Raumfahrt - New research reveals space debris, invisible meteors and near-Earth asteroids



In a new thesis from the Swedish Institute of Space Physics and Umea University, unique methods for the analysis of radar data and simulations of meteoroids in the solar system are presented. The methods have been applied to confirm the existence of rare high-altitude meteors as well as to measure space debris from the Kosmos-1408 satellite. On November 25, Daniel Kastinen defends his doctoral thesis.

"My primary goal has been to carefully analyze radar measurements of meteors and space debris and evaluate the precision of the measurements. This is to improve further analysis and use the results together with the new dynamical simulations. The work paves the way for future research and allows cross-disciplinary studies on meteors as well as on space debris and near-Earth asteroids", says Daniel Kastinen.

Every day, 10-200 tons of material from space, consisting of dust- sized particles and larger pieces of material - meteoroids, fall into the Earth's atmosphere. These particles come from parent bodies such as comets and asteroids and thus date back to the time when the solar system was formed. When a meteoroid hits the Earth's atmosphere and burns up in the form of a meteor, the material is dispersed in the atmosphere. Most of these meteors are invisible to the eye but can be detected by radar.

Predicted meteor shower
Through analyzes of data from the MU radar in Japan, Daniel Kastinen has succeeded in confirming the existence of rare meteors that occur at unusually high altitudes. A unique result as several theories and reports have been presented over the years, but without confident validation of the meteors height. How the incident particles give rise to meteors at high altitudes, where the atmosphere is very tenuous, is a research topic currently being debated.

Another part of the thesis highlights simulations of the October Draconids meteor shower. Daniel Kastinen managed to describe an unexpectedly strong outburst of the meteor showers in 2011-2012 and predicted an outburst in 2018. A subsequent study laid out rigorous grounds for developing this type of simulation to even better predict such meteor showers.
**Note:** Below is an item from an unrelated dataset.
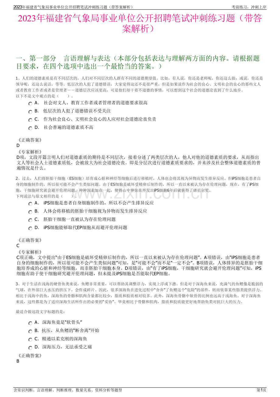2023年福建省气象局事业单位公开招聘笔试冲刺练习题(带答案解析)一、第一部分言语理解与表达(本部分包括表达与理解两方面的内容。请根据题目要求,在四个选项中选出一个最恰当的答案。)1、人们的道德素质是有不同层次的,人们对不同层次的人群有不同的道德期望值。比如,有人说,你还是老师呢,你还这么做;或说,你还是领导呢,还这么说话,等等。低层次的人犯了道德错误,大家觉得这还不是很严重,但是如果说作为社会的良心、文明社会的良心的那些文人或者教育工作者或者是管理者道德层次应该更高,可是他们却干着不道德的事情,可以想到这个社会的道德沦丧到了什么地步。以下不是文中观点的是()。A 社会对文人、教育工作者或者管理者的道德要求很高 B 低层次的人犯了道德错误不受关注 C 作为社会良心、文明社会良心的人应对社会道德沦丧负责 D 社会普遍的道德素质不高正确答案D专家解析D项,文段开篇言明人们对道德素质的期待是不同层次,接着分述了两类层次的人,他人对他的道德素质的要求,从而指出文人等社会人士道德素质低,会被放大为社会道德沦丧。即是分层次进行道德素质要求的,并未涉及社会整体道德素质的普遍情况是什么。2、过去,人们将胚胎干细胞(ES细胞)培育成心脏和神经等细胞后进行移植时,人体也会将其视为异物而发生排异反应。但iPS细胞是患者自身的细胞制作的,所以很可能不会产生类似问题。由于ES细胞是破坏受精卵后制作的,所以一直以来被认为存在伦理问题,现在,有了iPS细胞,干细胞研究就会避开伦理问题。种种因素加在一起,使得山中伸弥在开发出iPS细胞6年后就获得了诺贝尔奖。下列说法与原文相符的是()。A iPS细胞是患者自身细胞制作的,所以不会产生排异反应 B 人体会将移植的胚胎干细胞视为异物而发生排异反应 C 胚胎干细胞一直被认为存在伦理问题 D iPS细胞能够取代EP细胞从而避开伦理问题正确答案C专家解析C项正确,文中提出“由于ES细胞是破坏受精卵后制作的,所以一直以来被认为存在伦理问题”。A项错误,由“iPS细胞是患者自身的细胞制作的,所以很可能不会产生类似问题”可知,是“可能不会”而不是“一定不会”。B项错误,人体排异的是胚胎干细胞培养成的心脏和神经等细胞,而非胚胎干细胞本身。D项错误,由“有了iPS细胞,干细胞研究就会避开伦理问题”可知,iPS细胞有助于使干细胞研究避开伦理问题,但未提及iPS细胞是否能取代EP细胞。3、对于生活在浅海的硬骨鱼类来说,鱼鳔非常重要,可以帮助其调整浮力,实现上浮或下潜。但是对于深海鱼来说,充满气的鱼鳔像是脆弱的气球,在外部巨大水压的挤压下,会炸成碎片。因此,很多深海鱼在进化过程中“舍弃”了鱼鳔这个“危险”的部件,转而依靠某些脂类提供浮力。相比于浅海中的鱼,深海鱼的骨骼和肌肉含量都比较少,脂质和胶质相对较多。此外,深海鱼骨骼中软骨的比例也远高于浅海鱼。对于深海鱼来说,这些都是为了适应深海生活所作出的必要的“妥协”。毕竟相比于骨骼和肌肉,脂质和胶质能更好地帮助鱼类对抗巨大的压力。最适合做这段文字标题的是:A深海鱼竟是“软骨头”B抗压,从鱼鳔的“断舍离”开始 C精通以柔克刚的深海鱼 D深海压力,无法承受之痛正确答案B2023年福建省气象局事业单位公开招聘笔试冲刺练习题(带答案解析)考前练习,冲刺上岸含常识判断、言语理解、判断推理、数量关系、资料分析等题型第1页专家解析文段开篇介绍鱼鳔对于浅海硬骨鱼类的重要性,并通过转折关联词“但是”指出鱼鳔无法承受深海压力,接着通过“因此”总结前文,强调深海鱼为了承受水压而在进化过程中“舍弃”了鱼鳔,转而依靠某些脂类提供浮力。后文通过介绍深海鱼与浅海鱼在骨骼和肌肉含量等方面的不同,继续论述深海鱼类为了适应深海生活而作出的“妥协”。故文段强调深海鱼为了“抗压”而“舍弃”鱼鳔,依靠脂类,对应B项。A项,“软骨头”对应“此外”之后的内容,表述片面,排除;C项,未提及核心话题“抗压”,且文段指出深海鱼相对于浅海鱼的一些不同是“为了适应深海生活所作出的必要的妥协”,“以柔克刚”指用柔软的去克制刚强的,与文意不符,排除;D项,“无法承受之痛”文段并未提及,无中生有,且程度过重,排除。故正确答案为B。【文段出处】鱼类能顶住深海压力,可不是因为心态好4、共产主义决不是“土豆烧牛肉”那么简单,不可能 、一蹴而就,但我们不能因为实现共产主义理想是一个漫长的过程,就认为那是虚无缥缈的海市蜃楼,就不去做一名忠诚的共产党员。填入画横线部分最恰当的一项是:A信手拈来 B一帆风顺 C唾手可得 D轻车熟路正确答案C专家解析根据“、”可知,横线处所填成语应与“一蹴而就”构成同义并列,语义相近,且根据横线前“共产主义决不是土豆烧牛肉那么简单”可知,横线处所填成语应体现出简单、容易得到或成功之意,C项“唾手可得”比喻很容易就得到,符合文意,当选。A项“信手拈来”指随手拿来,多形容写文章时词汇或材料丰富,不费思索就能写出来,与文段“实现共产主义理想”语境不符,排除;B项“一帆风顺”比喻非常顺利,没有任何阻碍,文段并非强调“顺利”,与文意不符,排除;D项“轻车熟路”比喻对事情熟悉,做起来容易,文段并没有体现出对“实现共产主义理想”的做

Daniel Kastinen has also used the scientific organization EISCAT's radar system for measurements of space debris, which was created last November when the defunct satellite Kosmos-1408 was destroyed by a Russian missile during a so-called anti-satellite test. Through new analysis methods, he was able to estimate the size of the resulting fragments. He also presents a method for determining the orbits of space objects. The study contributes to a better understanding of our near-Earth space environment and mapping of the increasing amount of space debris.